7. For eye protection, 100% ultraviolet filtering is suggested for exposure to snow or altitude. Side shields are essential in the snow at high altitude. Make sure that each person is carrying a spare pair of sunglasses.
8. Miscellaneous gear can include the following:
a. Bivouac (“bivi”) and survival gear (garbage bags/bivi sack, duct tape, whistle, candles and fire source, flares, smoke signal, signal mirror, etc.) (Box 56-2)
b. Personal care items (hygiene, personal first-aid kit that includes sunblock, blister care, etc.)
c. Self-evacuation and rescue equipment. Comprehensive information on these areas is beyond the scope of this field guide. Familiarity and competency with the use of the following items are recommended:
• Tubular webbing (2.5 cm [1 inch] in diameter) for improvised chest and seat harnesses, runners, anchors, etc.
• Kernmantle climbing rope for lowering or raising if the terrain is too steep or high for a simple climb up or down
• Carabiners to improvise lowering (rappelling) or climbing devices on the ropes
• Tubular webbing (2.5 cm) or 4-mm (0.2-inch ) rope for making improvised breaking devices (e.g., Prusik knot) for use with ropes and carabiners
Rescue Operations
Sequence of Events in Backcountry Rescue (Box 56-3)

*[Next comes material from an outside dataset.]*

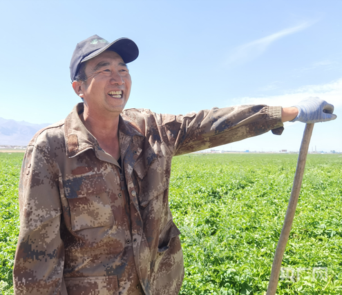 馬鈴薯種植基地管護(hù)人員高玉輝向記者介紹情況(央廣網(wǎng)記者 夏莎 攝)

Making the Decision to Get Help
Before anyone leaves to seek assistance, the patient’s companions should do the following:
1. Perform a physical examination.
3. Determine the level of consciousness.
4. Provide appropriate emergency care, which may entail moving the patient into a protective shelter.

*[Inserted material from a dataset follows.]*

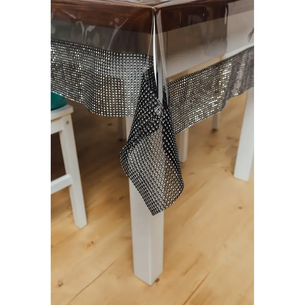 Скатерть силиконовая с черной стразовой лентой с камнями 330х140 см - фото 4

5. Summarize patient information in a note that accompanies the individual(s) going for help.
6. Prepare a map depicting the patient’s exact location and a list of the other party members, noting their level of preparedness to endure the environmental conditions.
7. The individuals who are going for help should carry appropriate provisions.
8. Do not allow the leaving party to become a new set of patients. Plan and prepare for likely contingencies.
Organizing the Rescue Team
1. Assessment of time required and time of day. Will this be a night rescue? How long will the evacuation take? Will there be darkness and lighting considerations? How physically demanding will the operation be, and how often will rescuers need to be rotated for rest? The answers will influence resource requirements and may indicate that additional resources must be called in from farther away.
2. What are the current weather conditions at the rescue location, and what is the forecast?
3. When did the accident occur? Do we know the exact location, or is this a SAR?
4. Number of known and potential patients. How many patients are there? What are the supposed injuries? How many people are in the party? How well prepared are they? Does anyone in the party have medical expertise? When the potential of additional patients becomes a reality, the number of rescuers needed increases, and other stresses emerge. A new sense of urgency arises, and there is a need for triage, more equipment, more time, and more resources for evacuation. Additional potential patients must be anticipated.
5. Scope and magnitude of wilderness influence. Is the incident 100 yards from a vehicle access point or several miles into the backcountry? If the rescue will take place on high-angle terrain, is the best evacuation route from the top or bottom of the slope or cliff?
6. Scope and magnitude of technical rescue considerations. Is it high angle? How technical? What are the anchor points, rock types, etc.? The scope and magnitude of the incident will affect the type and number of resources requested.
7. Assessment of personnel needs. Given the time and work to be done, will changing shifts be a consideration? Is it necessary to keep responders available for a second incident in the area? Are there sufficient resources within the organization, or will external resources be required? If multiple agencies are involved, are radio frequencies coordinated?
8. Dedicating all resources in a given area to one incident requires consideration in advance. Prearranged agreements with nearby agencies (mutual aid agreements) can be useful in staffing a large incident or for backup in case of another call.